Risikomanagementsysteme auf dem Prüfstand – Relaunch oder Papierkorb?
Das Risikomanagement in Wohnungsunternehmen gehört zu den strategischen Aufgaben. Nur durch ein gut eingestelltes Management ist eine verlässliche Unternehmensplanung möglich. Wie ein System hierbei unterstützt und was ein System leisten muss, erläutert uns Frank Fiolka.

Frank Fiolka
Wirtschaftsprüfer bei der Domus AG
EBZ Akademie: Herr Fiolka, Sie haben im Rahmen Ihrer Tätigkeit als Wirtschaftsprüfer bereits viele Risikomanagementsysteme in Wohnungsunternehmen gesehen. Was war Ihr Eindruck?
Frank Fiolka: Häufig findet man rein kennzahlenbasierte Risikofrüherkennungssysteme – die dann auch für den Quartalsbericht an den Aufsichtsrat verwendet werden. Da werden dann meist durch das Controlling im stillen Kämmerchen Zahlen ausgewertet und mit dem Wirtschaftsplan oder Branchenbenchmarks verglichen. Im Ergebnis vermittelt das Riskmanagement dann ein gutes Gefühl. Das wars dann aber auch. Pflicht erfüllt.
Die Kür der Risikomanagementsysteme sieht anders aus. Da geht es dann eher um strategische Risken, die sich nicht immer mit quantitativen Kennzahlen messen lassen.
Risikomanagementsysteme haben den Ruf „Papiertiger“ zu sein. Was unterscheidet „lebende“ von „nicht lebenden“ Risikomanagementsystemen?
Den leicht verstaubten Ordner mit der Aufschrift „Risikomanagement“, der nur für den Prüfer vorgehalten wird, findet man natürlich auch manchmal.
Ein „lebendes“ Risikomanagement beginnt immer mit der Implementierung einer Risikokultur. Alle Mitarbeiter sind aufgefordert, Risiken zu erkennen und angstfrei zu kommunizieren. Es geht nicht um Schuldzuweisungen, sondern um die Möglichkeit frühzeitig auf Risiken reagieren zu können.
Dabei gilt der Grundsatz: Nur bekannte Risiken können beeinflusst werden. Also müssen in Workshops erst einmal Risikobereiche und potentielle Einzelrisiken identifiziert werden.
Bei „lebenden Systemen“ trifft sich dann regelmäßig der Risikoausschuss und diskutiert die Risikoeinschätzungen.
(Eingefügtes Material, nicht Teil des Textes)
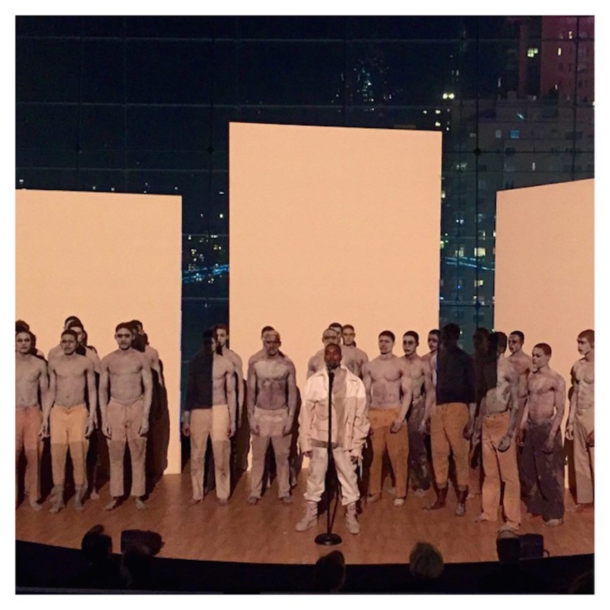During the Gala, Kanye took to the stage to perform and had a group of shirtless models flank the stage, styled like African warriors with khaki pants and chalky mud all over their bodies. One of the models shared a photo on Instagram saying that their job was to stand their and be stoic, but that it was hard not to dance during the performance.
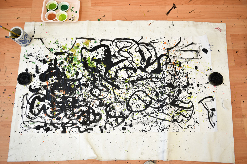 孩子们认真的体验春如线的绘画感受
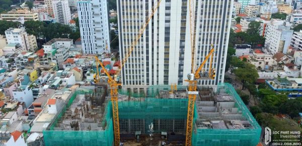- Hiện nay công trường đang vào giai đoạn thi công kết cấu các sàn điển hình bằng công nghệ cốt pha nhôm hiện đại và chính xác cùng với hệ bao che tự nâng forrmtech.
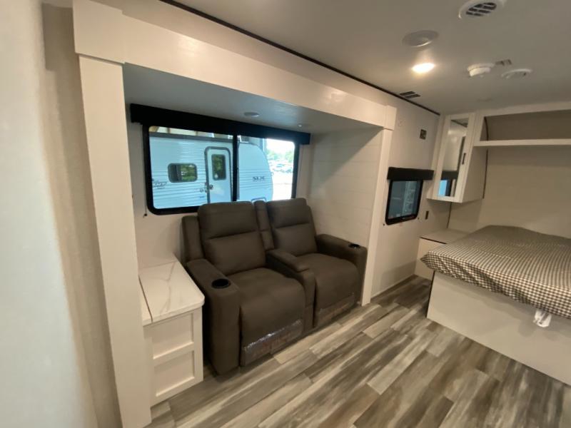 This couple's trailer will be perfect for weekend trips to the lake or extended stays at the campground. You can sleep on the front queen bed each night instead of on an air mattress, and the dual bedroom wardrobes will help keep your space organized. The theater seat with tables is within a slide for more floor space, and the fully-equipped kitchen will allow you to make meals each day. You'll also appreciate the rear corner full bath to stay clean throughout each trip!
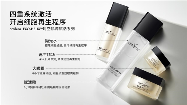 “真正的肌肤再生,是一个精密而连贯的生物学过程。它始于细胞的自我清理,经由深层信号的修复与指令传递,最终实现结构与功能的长期稳定,形成一个‘清除‑修复‑巩固‑再生’的完整闭环。”Daisy进一步解释。在外泌体系列中,amilera安觅理通过抛光水、再生精华、大眼霜和赋活霜的协同,实现信号的叠加、时序的衔接与功效的倍增,共同构建一个有机协作的再生生态。
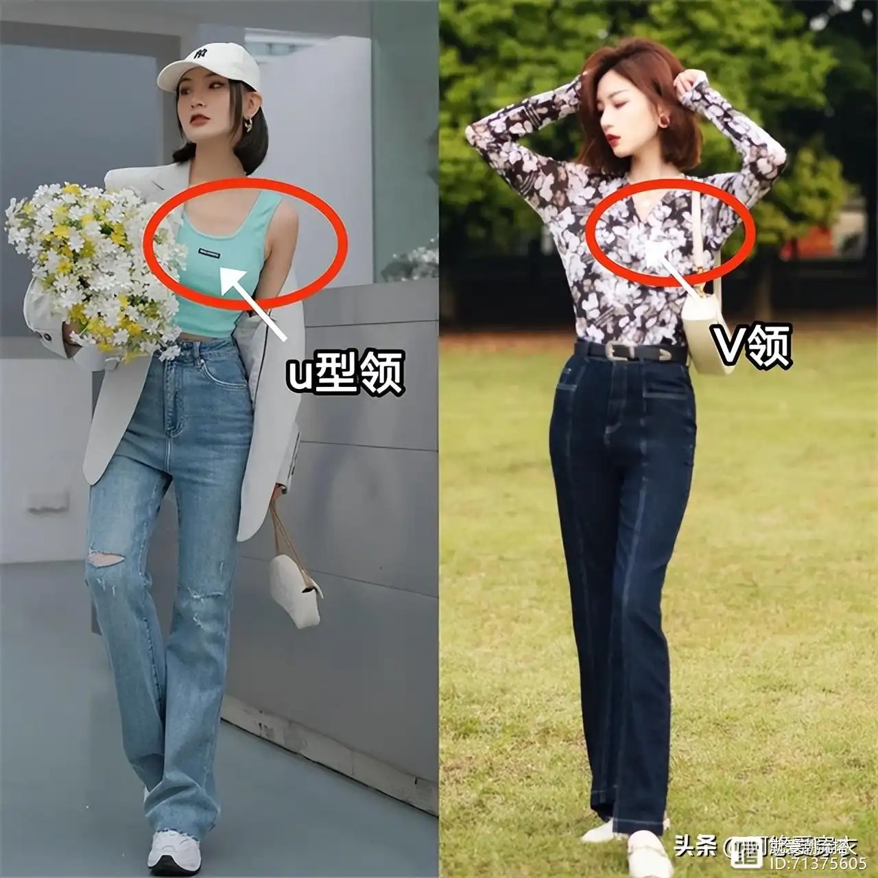 要是你脸宽脸圆脖子粗,那就选择纵宽>横宽的大领口上衣;若是脸部瘦长,脖子纤细或者有明显的窄肩溜肩问题,那就选择挂脖或井字形上衣,以及横宽>纵宽的上衣。
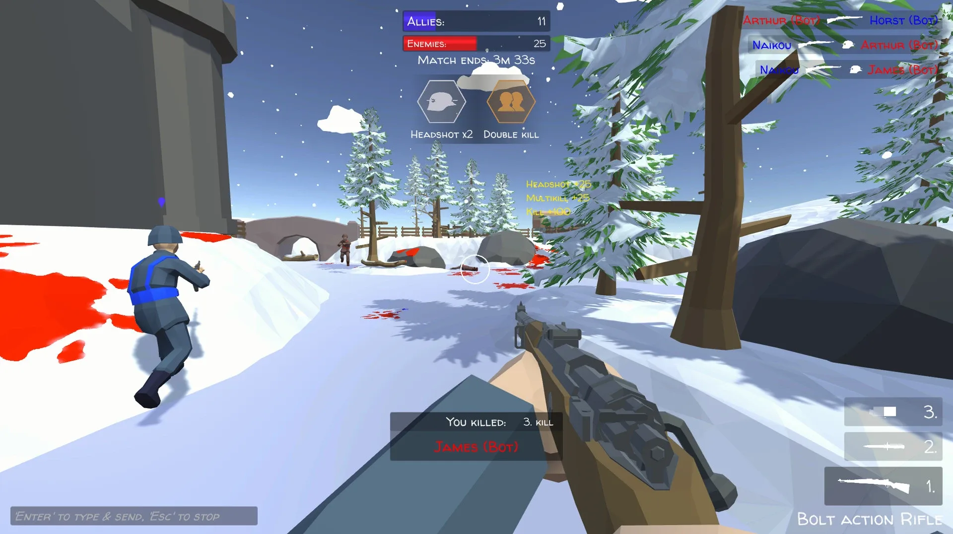 The Riflemen is a fun, fast-paced low poly FPS game where matches are short and full of action! All players start with bolt-action rifles & knives that they don't need to reload. Players can customize their weapons & characters to get the look that they want!
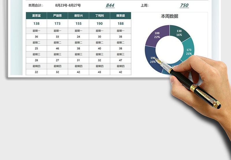 銷售員銷售數量對比分析表格excel表格模板包含
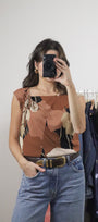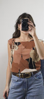 Size: Labeled 14, suits XL / Brand: Cleo / Condition: 9/10 / Material: 100% polyester / Type: Vintage / Colours: Brown, tan, beige, black
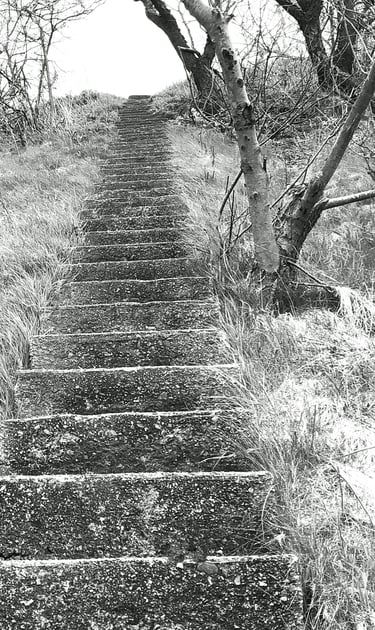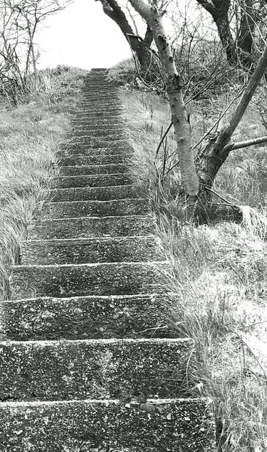 These weathered steps caught my attention as they cut through overgrown grasses and bare trees, feeling less like a path and more like a quite passage shaped by time.
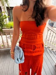 Got tons of compliments on this lined clutch. Very springy/summery. It doesn't hold its shape, so if you want something structured, this is not for you. I also found the crossbody chain useless, but again, this was not a big deal to me.
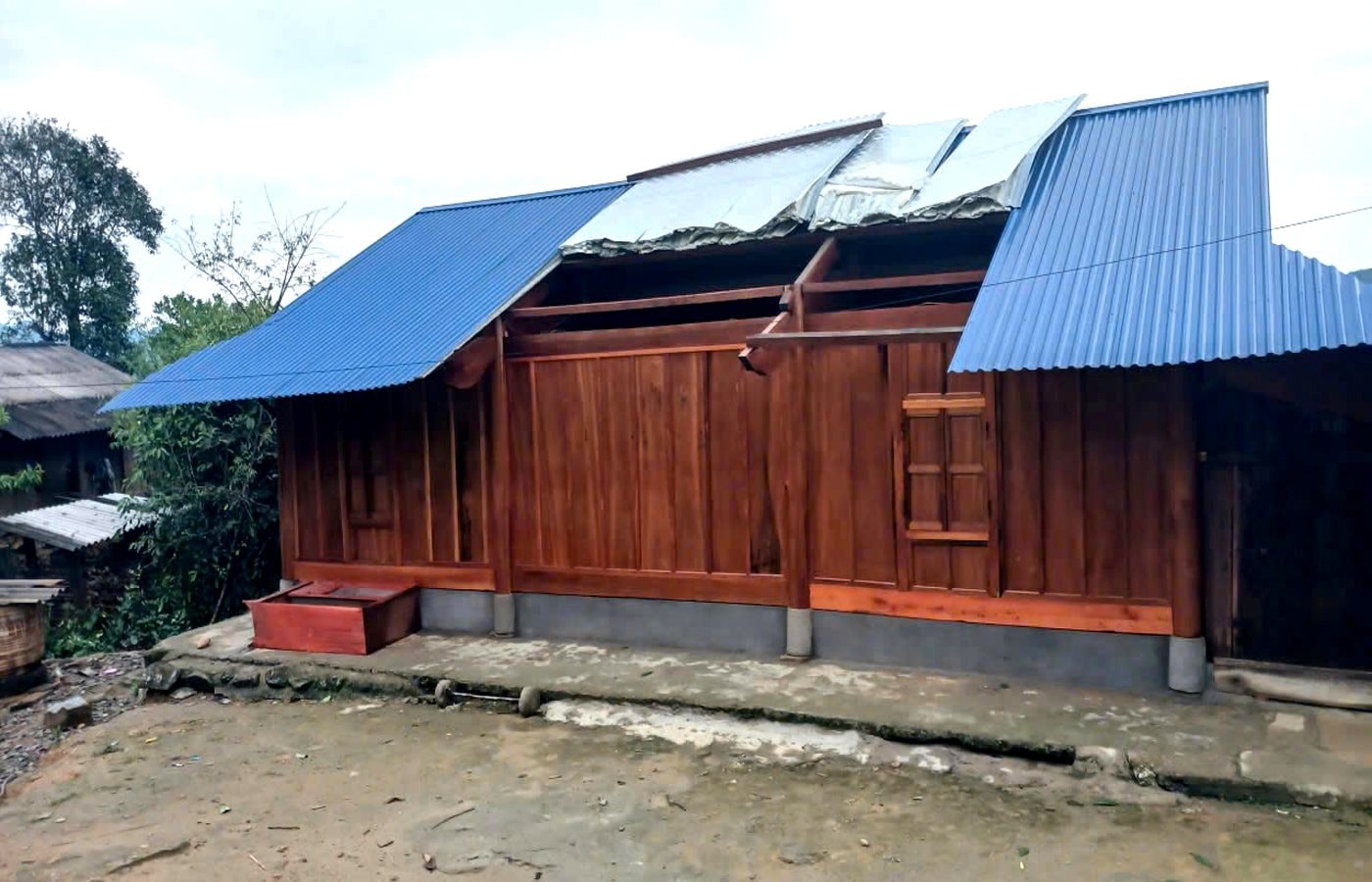 Trước đó, tại xã Keng Đu, mưa lớn đi kèm gió lốc mạnh đã làm hư hại một số công trình công cộng. Trường Mầm non Keng Đu bị tốc mái tôn khu ký túc xá giáo viên với diện tích khoảng 36m².

Häufiger Knackpunkt bei Risikomanagementsystemen sind die Schwellenwerte. Kritiker werfen vor, Unternehmen geben sich gerne Schwellenwerte, die sowieso nicht überschritten werden. Was entgegnen Sie diesen Kritikern?
Einerseits soll natürlich im Sinne eines Früherkennungssystems vor unerwarteten nicht beherrschbaren Risken für das Unternehmen gewarnt werden. Dann ist es auch okay, wenn die Schwellenwerte etwas höher liegen. Es geht ja „nur“ um Leben oder Tod. Letzterer soll vermieden werden.
Wenn es aber um eine echte kennzahlenbasierte Steuerung des Unternehmens geht, dann bin ich nicht mehr beim Risikomanagement, sondern im Controlling. Da dürfen dann Auswertungen gerne auch etwas differenzierter und Schwellenwerte etwas knapper bemessen sein.
Was muss eine modernes Risikomanagement denn neben Risikokennzahlen noch leisten?
Häufig liegen die wahren Risiken für ein Unternehmen doch gar nicht im operativen Bereich. Mieteinahmen und die wichtigsten Ausgabenpositionen haben die meisten Unternehmen weitgehend im Griff.
Risikomanagement muss den Blick auf andere Risikobereiche weiten:
- Externe Risiken
- Strategische Risiken
- Personalrisken
- IT-Risiken.
Das Risiko des Fachkräftemangels im Personalbereich oder der Verfügbarkeit bzw. des Datenverlusts im IT-Bereich kann man mit Kennzahlen nicht messen. Moderne Risikomanagementsysteme müssen auch das im Auge behalten und Veränderungen bei Risikoeinschätzungen dokumentieren.
Frank Fiolka ist Wirtschaftsprüfer und seit mehr als 20 Jahren bei der Domus AG in der Prüfung und Beratung von Immobilienunternehmen tätig. Am 11.10.2019 referiert er im Rahmen des Arbeitskreis Interne Revision und am 06.12.2019 beim Arbeitskreis Controlling zum Thema Risikomanagementsystem – „Kulturchanger“ oder „Papiertiger".